Our So Cal Fibershed chapter has been looking for ways to engage more meaningfully with indigenous peoples and practices of the region we also call home.
We began with a simple acknowledgement of our location, in time and space, on the unceded, ancestral, and traditional lands of the Tongva and Gabrielino peoples. We are inviting indigenous authors, artists, scholars to speak, and we are seeking out research and resources to learn from and to share.
One such platform is UCLA’s Mapping Indigenous LA project. Some notes from their website are copied below for context. And a link to the site for more content and context.

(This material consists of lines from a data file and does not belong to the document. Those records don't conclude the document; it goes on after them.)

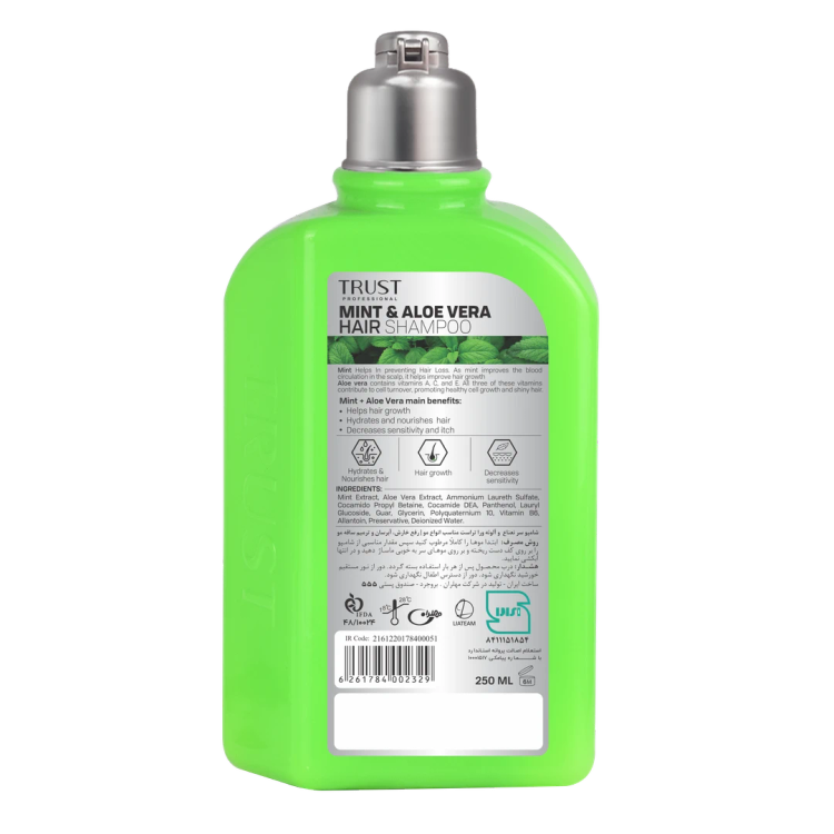 عصاره نعناع،عصاره آلوئه ورا،آمونیوم لورت سولفات،کوکامیدوپروپیل بتائین،کوکامید DEA،پانتول،لوریل گلوکوزید،گوار،گیلیسرین،پلی کواترنیوم-10، ویتامین B6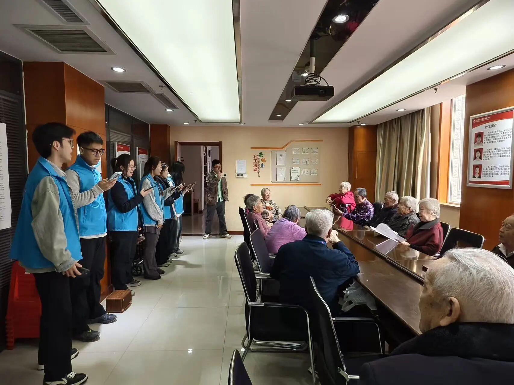 作为音乐专业的学子,同学们充分发挥专业优势,将艺术表演与志愿服务相结合,为老人们带来了一场精彩纷呈的歌曲演唱。《绒花》《唱支山歌给党听》《映山红》等经典曲目依次上演,同学们歌声悠扬、情感真挚,用饱满的热情和专业的演唱功底,为老人们献上了一场视听盛宴。熟悉的旋律唤起了老人们的美好回忆,不少老人跟着旋律轻轻哼唱、拍手伴奏,现场掌声不断、欢声笑语连连。悠扬的歌声回荡在养老服务中心的每一个角落,让老人们在温馨的氛围中感受到陪伴的快乐,也让雷锋精神在歌声中得到传承与发扬。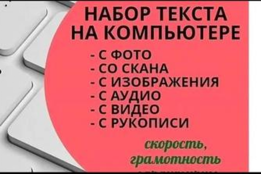 Перепечатка текстов, которая включает в себя: печать текста с отсканированных документов; печать текста с книжных носителей; ввод цифровой и текстовой информации с отсканированных документов, сверка после внесения правок, набор информации с предоставленных графических файлов в текстовый документ.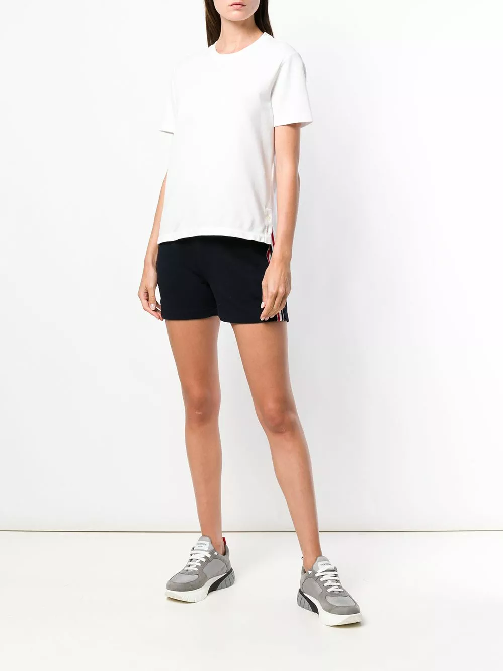 Known for the precision and attention to detail that he brings to the world of suiting, Thom Browne now turns his eye to the clothes you wear post-5pm. This white relaxed RWB stripe T-shirt is crafted from cotton and features a round neck, short sleeves, a relaxed fit and a straight hem.
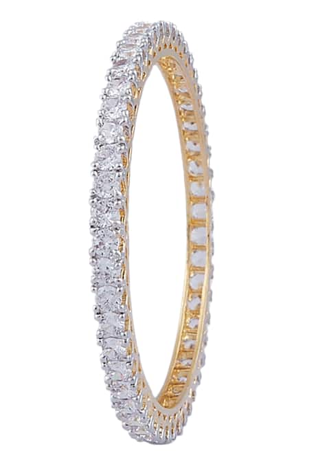 Zircon crystals embellishment on bangles, Mixed metal alloy construction, Dual-tone plating of gold and silver

In this project we aim to provide a digital map of the layered, sedimented geographies of Indigenous Los Angeles through digital storytelling and community-based research collaboration. Our project includes the Gabrielino/Tongva and Tataviam, the first people of Los Angeles, who struggle for recognition of their sacred spaces and their political rights, American Indians who were displaced through governmental policies, as well as the indigenous diasporas from Latin America (LAID) and Oceania (AP) — people displaced by militarism, neoliberal economic policies, and overlapping colonial histories.
Mapping Indigenous LA provides a research tool that allowing local communities to research their own history and add relevant documents, photography, and digital stories of importance to telling their histories and the stories of places within Los Angeles. We provide a platform to facilitate understanding of how the rich diversity of indigenous histories of the city intersect and to see each community’s history within in its own interactive map.